Monday, August 11, 2014

On Robin Williams and Depression

When I first saw the words Robin Williams Suicide on facebook, I assumed it was a hoax. I literally did not believe it. Just like when people start saying Jackie Chan has died. It's just a rumor, right?
After confirmation from a major media outlet, I still didn't want to believe it. How clever this would be if it were a stunt pulled for depression awareness and suicide prevention, I thought. But it's not.

The funny man is gone. I can't express the sorrow this brings me. And I know I did not know the man. His work spoke to me as it spoke to so many others. He made me was to be a comedian when I was a kid. He was just so damn funny.

And while I did not know the man, I've seen a shade of his adversary. The little voice-- if you're lucky, only a little voice-- in the back of your head that tells you to stay in bed and cry because after all, you're worthless and no one wants you. Not for a friend, not for a lover, not for a partner. Hell, you wouldn't even make a decent enemy...

Except that it is you, and you are your enemy.

I've battled through a depression or two but without a supporting group of friends, I wouldn't have made my way out.

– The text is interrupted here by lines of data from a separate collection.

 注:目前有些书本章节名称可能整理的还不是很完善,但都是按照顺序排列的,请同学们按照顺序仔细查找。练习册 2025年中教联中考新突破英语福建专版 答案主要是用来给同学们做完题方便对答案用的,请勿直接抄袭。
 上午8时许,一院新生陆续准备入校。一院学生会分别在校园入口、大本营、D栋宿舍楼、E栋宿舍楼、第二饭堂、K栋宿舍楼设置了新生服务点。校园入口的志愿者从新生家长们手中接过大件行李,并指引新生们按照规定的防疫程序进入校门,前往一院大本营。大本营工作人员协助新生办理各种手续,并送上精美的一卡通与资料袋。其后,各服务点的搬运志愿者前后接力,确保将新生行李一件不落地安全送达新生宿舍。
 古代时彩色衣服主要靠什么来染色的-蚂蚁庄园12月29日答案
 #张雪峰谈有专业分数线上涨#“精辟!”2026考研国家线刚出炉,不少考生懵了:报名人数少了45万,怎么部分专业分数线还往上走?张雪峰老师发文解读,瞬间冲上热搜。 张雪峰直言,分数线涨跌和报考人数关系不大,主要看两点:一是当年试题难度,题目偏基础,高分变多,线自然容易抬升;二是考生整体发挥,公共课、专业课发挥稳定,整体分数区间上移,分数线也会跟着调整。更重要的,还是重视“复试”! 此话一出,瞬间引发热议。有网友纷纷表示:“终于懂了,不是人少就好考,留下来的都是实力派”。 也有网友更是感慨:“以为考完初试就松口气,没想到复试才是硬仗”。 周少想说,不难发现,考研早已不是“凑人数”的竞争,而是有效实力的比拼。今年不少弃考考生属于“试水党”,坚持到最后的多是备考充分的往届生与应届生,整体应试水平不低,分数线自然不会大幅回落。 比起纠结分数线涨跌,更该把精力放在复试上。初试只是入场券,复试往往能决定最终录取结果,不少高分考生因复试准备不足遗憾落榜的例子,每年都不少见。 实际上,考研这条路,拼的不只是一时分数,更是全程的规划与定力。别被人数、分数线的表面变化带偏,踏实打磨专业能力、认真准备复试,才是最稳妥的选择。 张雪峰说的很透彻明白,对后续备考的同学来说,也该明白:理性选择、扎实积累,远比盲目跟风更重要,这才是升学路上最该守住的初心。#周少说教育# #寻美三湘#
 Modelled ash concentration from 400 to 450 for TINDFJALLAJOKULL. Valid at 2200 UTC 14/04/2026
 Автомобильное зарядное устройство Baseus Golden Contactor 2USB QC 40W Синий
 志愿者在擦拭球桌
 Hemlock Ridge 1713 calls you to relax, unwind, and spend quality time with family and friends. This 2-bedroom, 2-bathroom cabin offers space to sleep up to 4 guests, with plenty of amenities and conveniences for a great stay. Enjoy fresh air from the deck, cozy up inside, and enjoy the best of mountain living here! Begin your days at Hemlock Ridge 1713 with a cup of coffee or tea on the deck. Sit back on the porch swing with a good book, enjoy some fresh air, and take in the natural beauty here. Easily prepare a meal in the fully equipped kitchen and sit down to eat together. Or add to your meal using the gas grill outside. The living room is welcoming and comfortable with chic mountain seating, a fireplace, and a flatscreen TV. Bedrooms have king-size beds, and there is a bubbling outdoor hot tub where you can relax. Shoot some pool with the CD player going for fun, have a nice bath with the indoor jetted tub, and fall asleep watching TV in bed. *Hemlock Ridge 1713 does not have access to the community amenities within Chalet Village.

Here we see a man of financial means who could likely have afforded the best care possible should he have seen it as a necessity. He had several children, a wife, a life worth having. Depression isn't logical. It's not about the haves and have-nots. Not really. You could have all the love and wealth in the world at your feet and none of it means anything.

I think of it like losing sight over time. One day you wake up and half of the colors are gone. You almost notice, but things seem normal enough. The next, the world is black and white. That's different, but what can you do? You go on. The next, your lightest white is what a medium gray looked like before. Something tells you it's darker than usual, but you can't really place what light and color are supposed to look like. This keeps going, your vision tunneling, until all you have is a couple of shades of gray and black. You might be able to see the happiness in other people, but you can't feel any of that. It is out of your spectrum now.

It isn't that our funny man could not have gotten help because he could not have afforded it. It's more likely that the parts of him that should have realized he needed help, that should have inspired him to pick up that phone and make that call, were instead wasting energy beating him up, or pulling him into the muck. It seems safe to assume that the call went unmade, as we are here now in a world without him, his jokes now finite.

That's what the hell of depression looks like to me. If you are suffering or know someone who is, get help. Find a physician or counselor or friend. If you need medication, find a way to get it.

And don't forget the little things. Taking care of yourself is so important and so easy to forget. Don't go overboard and spend all your savings on random crap you don't need, but do take a moment out of the hustle and bustle of your day to appreciate yourself and all the good you do. Just as a reminder. Just to keep you pointed in the right direction.

If you're sinking, call for help. A friend, a neighbor, even a stranger. Call for help. More people have fought this beast than you know. Some have won. Some have lost. No matter what, you're not alone. Don't let it convince you otherwise.